INFORMATION PROVIDED section start
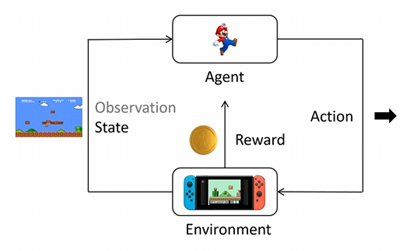 想象一个智能体 (Agent)(比如一个游戏角色或机器人)在一个环境 (Environment) 中(比如一个游戏关卡或现实世界)。这个过程是这样循环的:
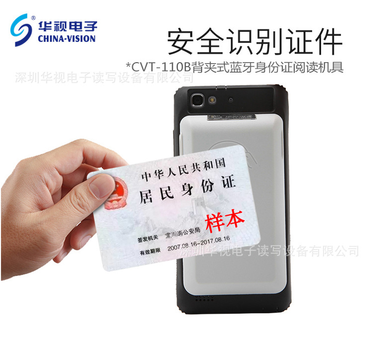 華視CVT-110B背夾式藍(lán)牙身份證閱讀機(jī)具可以讀取身份證信息,藍(lán)牙鏈接手機(jī)讀取,可以方便的固定在手
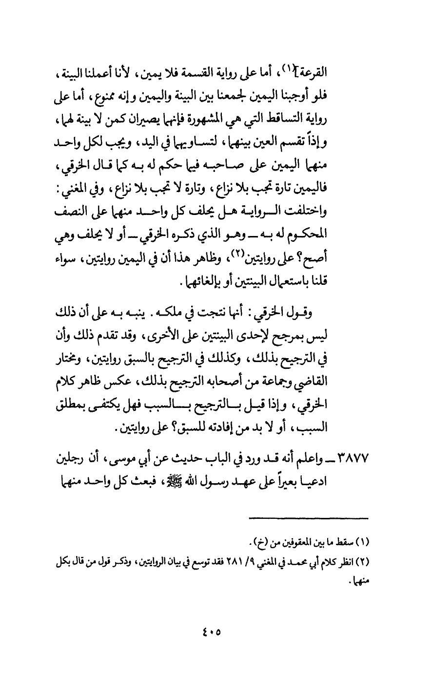 3877 - واعلم أنه قد ورد في الباب حديث عن أبي موسى، «أن رجلين ادعيا بعيرا على عهد رسول الله - صَلَّى اللَّهُ عَلَيْهِ وَسَلَّمَ -، فبعث كل واحد منهما
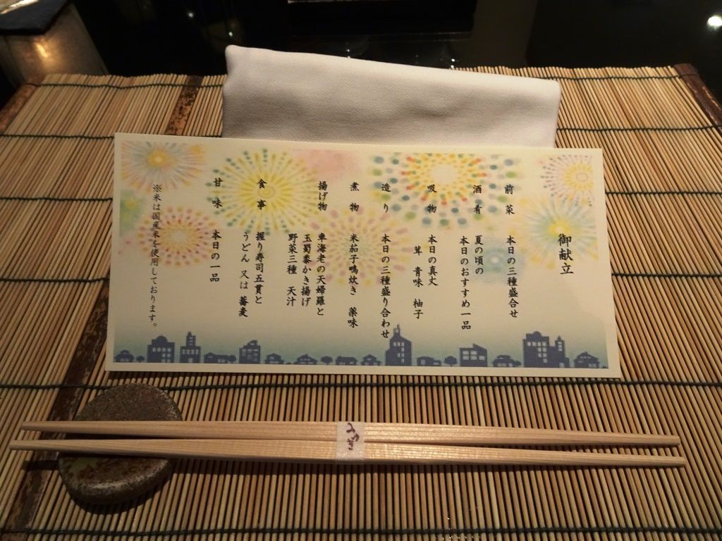 20時半、和食「みゆき」を訪れ、窓際の席に案内です。
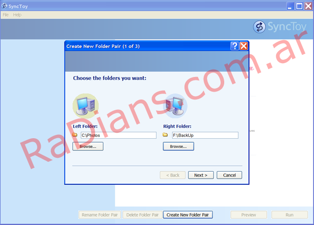 Simplemente instalas Synctoy y solo tenes que especificar las carpetas que queres comparar. Se mostrará múltiples opciones para la comparación con las explicaciones correspondientes. Esta carpeta comparación se guardarán para que usted no tiene que especificar original y carpeta de copia de seguridad cada vez.
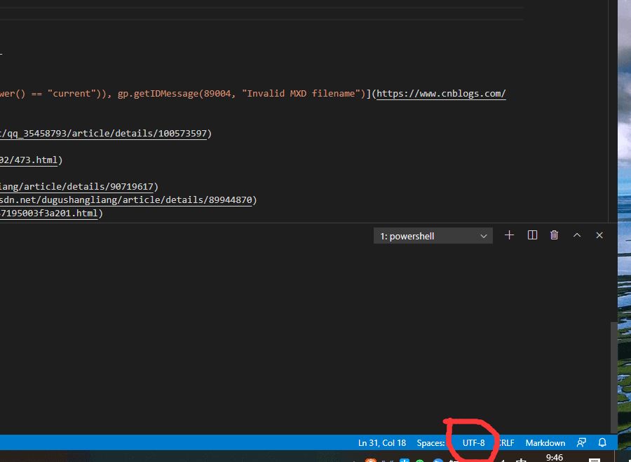 (2) 打开的VSCode编辑器,找到右下角有个UTF-8(如果已经显示了是GB2312,直接跳到第五步),点击打开文件编码设置选项。
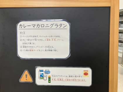 今日のグラタンには、調理工程の中で牛乳・乳製品、小麦粉の使用があります。
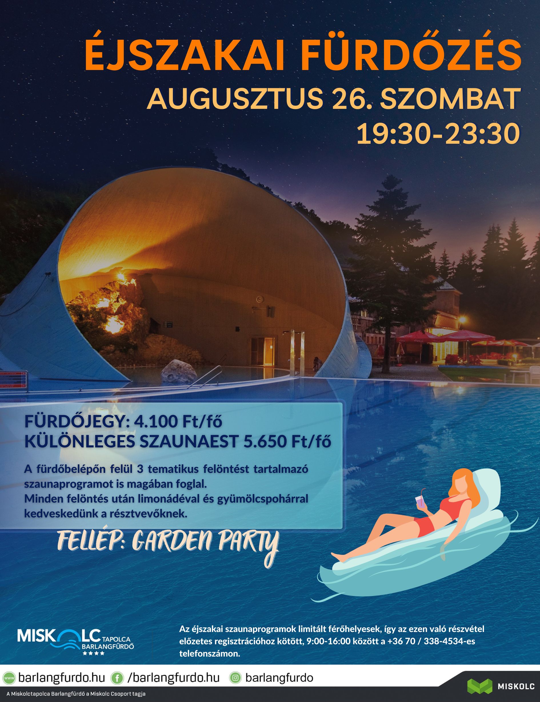 Augusztus 26-án 19:30-23:30-ig, hangulatos éjszakai fürdőzéssel várunk benneteket a Miskolctapolca Barlangfürdőben!
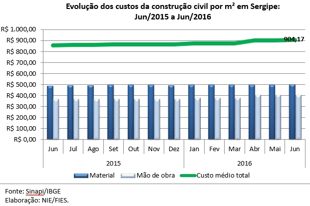 Análise realizada pelo Boletim Sergipe Econômico, parceria do Núcleo de Informações Econômicas (NIE) da Federação das Indústrias do Estado de Sergipe (FIES) e do Departamento de Economia da UFS, com base nos dados do Sistema Nacional de Pesquisa de Custos e Índices da Construção Civil (Sinapi), calculado pelo IBGE em convênio com a Caixa, revelou que o custo da construção, medido por metro quadrado, em Sergipe teve um leve aumento de 0,35% em junho deste ano, quando comparado com o mês imediatamente anterior, maio último. O valor do custo médio por metro quadrado em Sergipe ficou em R$ 904,17, sendo o terceiro menor valor registrado entre os estados brasileiros, no período analisado.
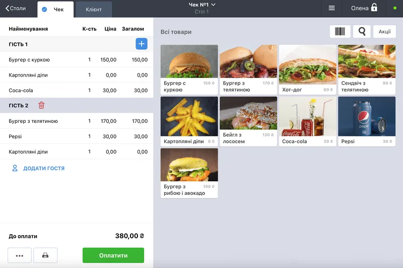 - зручне переключення між офіціантами
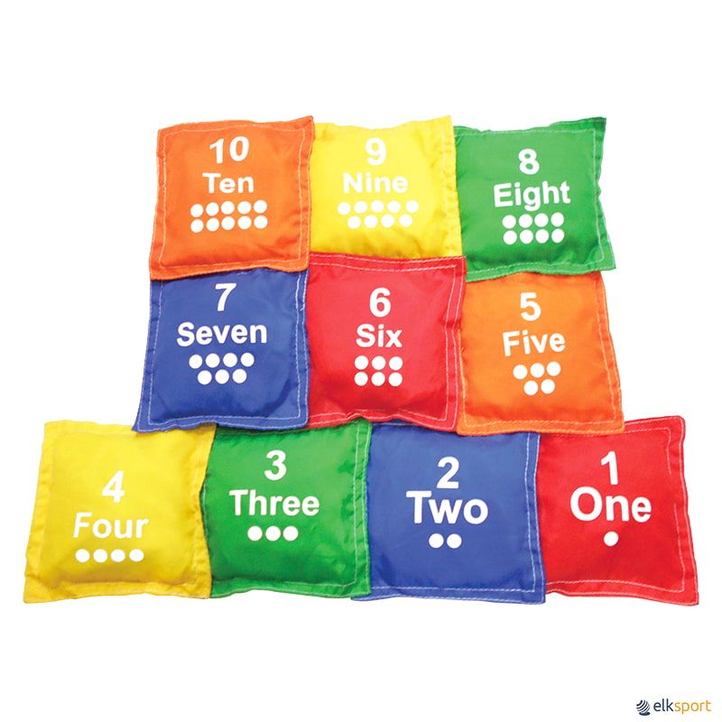 Sacos básicos numerados de 1 a 10, em inglês, pensados para trabalhar matemática e cálculo simples, aumentando as possibilidades de jogo. Fabricados em nylon com duplo revestimento, oferecem uma solução económica e segura.
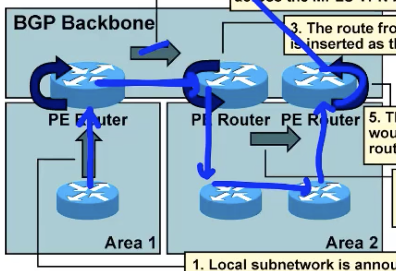 그래서 pe-ce가 연결된 구간에서 ospf를 돌릴 때, 그 사이에 area 0이 아닌 다른 area가 있다면 bgp로 넘어가지 않음.
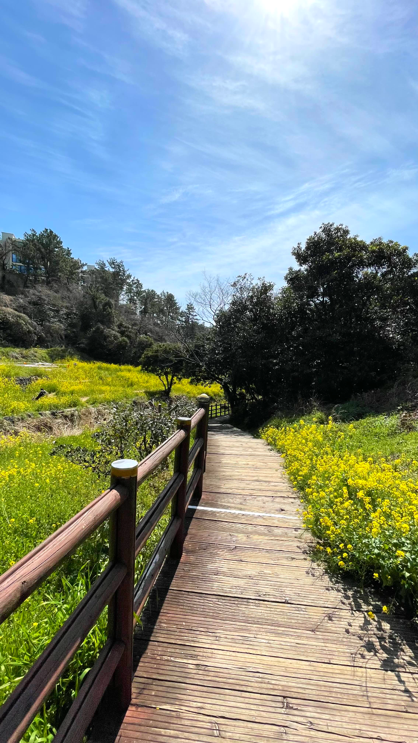 노랗다 못해 눈부신 샛노란 빛의 유채꽃길을 따라 걷다 보면, 미라지 연못이 나오며 좌측으로 올라가면 롯데호텔 산책로와 이어져 있습니다.
INFORMATION PROVIDED section end
=== ASSIGNMENT ===
Say again, word for word, the lines beginning at the top of the data and ending with the line that has "3877 - واعلم". Skip the pictures.

=== OUTPUT BELOW ===
 想象一个智能体 (Agent)(比如一个游戏角色或机器人)在一个环境 (Environment) 中(比如一个游戏关卡或现实世界)。这个过程是这样循环的:
 華視CVT-110B背夾式藍(lán)牙身份證閱讀機(jī)具可以讀取身份證信息,藍(lán)牙鏈接手機(jī)讀取,可以方便的固定在手
 3877 - واعلم أنه قد ورد في الباب حديث عن أبي موسى، «أن رجلين ادعيا بعيرا على عهد رسول الله - صَلَّى اللَّهُ عَلَيْهِ وَسَلَّمَ -، فبعث كل واحد منهما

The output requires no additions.